March 8, 2016
By Alex Keown, BioSpace.com Breaking News Staff
FOSTER CITY, Calif. – Gilead Sciences could owe Merck more than $3 billion in a patent dispute over its block buster hepatitis C treatment if a jury finds Merck’s own hepatitis C patents are still viable, Bloomberg reported this morning.
Merck challenged the patents for California-based Gilead’s hepatitis C treatments Sovaldi and Harvoni, both of which provide a near cure for the disease. Last month, a judge found that Gilead did infringe on Merck’s patents. Now, it’s up to the jury to determine if those patents are valid and how much Merck could be awarded in damages, Bloomberg reported. Merck is seeking 10 percent of sales of the drugs. At stake is billions of dollars in annual revenue for Gilead. Harvoni generated nearly $20 billion in sales in 2015. Harvoni and Sovaldi helped drive Gilead to a record revenue year in 2015, nearly $32 billion—more than three times what the company generated in 2012.

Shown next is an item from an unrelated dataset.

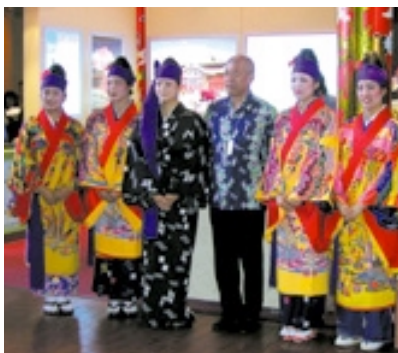
ペルー県人会による琉装ボランティア

Gilead will argue that its scientists were working on the hepatitis C compounds before Merck secured its own patents. The company will argue that the compound has its roots at Pharmasset Inc. , which Gilead acquired in 2011 for $11 billion, Bloomberg said. Merck will assert that its patents are its own and was used by Pharmasset to develop sofosbuvir, which became Harvoni. While there is a lot of money at stake, Merck is not seeking for Gilead to cease sales of Harvoni and Sovaldi in favor of its own recently approved hepatitis C drug, Zepatier.
Zepatier was granted breakthrough therapy designation for the treatment of chronic HCV genotype 1 infection in patients with end stage renal disease on hemodialysis and for the treatment of chronic HCV genotype 4 infection. Breakthrough therapy designation is a program designed to expedite the development and review of drugs that are intended to treat a serious condition and preliminary clinical evidence indicates that the drug may demonstrate substantial improvement over available therapy on a clinically significant endpoint.
But Gilead isn’t done developing treatments for hepatitis. In January, Gilead submitted a New Drug Application (NDA) to the U.S. Food and Drug Administration for tenofovir alafenamide, an investigational, once-daily treatment for adults with chronic hepatitis B virus infection. The company is also continuing to use Sovaldi in combination with other drugs, including a triplet drug comprised of Sovaldi, velpatasvir, and a protease inhibitor for the treatment of genotype 3 HCV patients. Also, in the waning days of 2015, Harvoni was approved for expanded use in patients with genotype 4, 5 and 6 chronic hepatitis C virus (HCV) infection and in patients co-infected with HIV by the FDA. In addition, Harvoni plus ribavirin (RBV) for 12 weeks was approved as an alternate therapy to 24 weeks of Harvoni for treatment-experienced, genotype 1 patients with cirrhosis.
Additionally, Gilead announced that the FDA granted priority review to the company’s NDA for an investigational, once-daily fixed-dose combination of the nucleotide analog polymerase inhibitor sofosbuvir, better known as Sovaldi, and velpatasvir, an investigational pan-genotypic NS5A inhibitor, for the treatment of chronic genotype 1-6 hepatitis C virus infection. Gilead filed the NDA for SOF/VEL on Oct. 28 and the FDA has set a target action date under the Prescription Drug User Fee Act (PDUFA) of June 28, 2016. The FDA has assigned SOF/VEL a Breakthrough Therapy designation, which is granted to investigational medicines that may offer major advances in treatment over existing options, Gilead said.